UPDATED 5:25 P.M. | McLean County’s COVID-19 testing positivity rate dropped below 11% on Friday after a week of gradual increases.
The county’s total of confirmed and probable coronavirus cases topped 9,000 as the McLean County Health Department (MCHD) announced 167 new cases.
The county’s hospital capacity remains unchanged over the past 24 hours. Ninety-three percent of hospital beds are in use, including 81% of intensive care beds. Twenty McLean County residents are hospitalized with COVID, up three from Thursday.
MCHD said 1,192 people are isolating at home while 253 additional patients have completed their time in quarantine since Thursday. The total number of recovered patients rose to 7,804.
The county has added 961 new coronavirus cases and eight COVID-related deaths in the last week. More than half of those cases (52%) involve people under age 40. The county’s COVID death toll remains 58.
The county’s rolling seven-day testing positivity rate fell to 10.9%, while the cumulative testing rate held at 6.2% based on more than 146,300 tests taken since the start of the pandemic.
MCHD Administrator Jessica McKnight said people who may have had a COVID exposure during the Thanksgiving holiday weekend should still get tested.
“It’s still too early for us to tell the full impact of travel and gatherings that may have occurred and led to further spread of the virus around our community and around our state,” McKnight said.
McKnight said it's not clear when a COVID vaccine will be ready for distribution locally. She said all the agency knows now is supplies will be limited at first.
“There will be priority groups,” McKnight explained. “We really want to focus on our high-risk health workers; help them so they can help the community.”
McKnight said the next priority population will likely be those who live in nursing/assisted-living homes and other congregant settings.
The state is still working on a priority list, McKnight said.
Gov. JB Pritzker said Friday the state expects to receive its first shipments of the vaccine in the next few weeks, provided the vaccines gain federal approval.
According to NPR Illinois, Pritzker said 109,000 doses will be distributed to Chicago and the 50 counties with the highest death rates.
McKnight said the county hopes some vaccines will be available early next year.
From @GovPritzker’s office just now:
Upon federal recommendation, the initial COVID-19 vaccines “will be dedicated to hospital and healthcare workers in the 50 counties in Illinois with the highest death rates per capita.”
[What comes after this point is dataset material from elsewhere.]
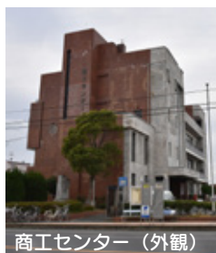
商工センター（外観）

市は、商工センターの跡地を活用した再開発をこれまで国内で事業化された事例がないLABV（Local Asset Backed Vehicle 官民協働開発事業体）の手法で取り組むこととし、7月28日、商工センターで事業パートナーである小野田商工会議所および(株)山口フィナンシャルグループの3者で合同記者会見を行いました。

The order of those 50 counties are as follows: pic.twitter.com/uUiIftT3hP
— Hannah Meisel (@hannahmeisel) December 4, 2020
Meanwhile, OSF HealthCare said it has a new COVID treatment available for high-risk patients. The antibody treatment known as BAM (Bamlanivimab) comes from Eli Lily.
The Food and Drug Administration has granted emergency use authorization for use at select outpatient clinics.
“We are always excited about the advancements we are seeing in the treatment of the virus,” McKnight said. “There have been several treatments that have come around that have shown to be somewhat effective against fighting this virus.”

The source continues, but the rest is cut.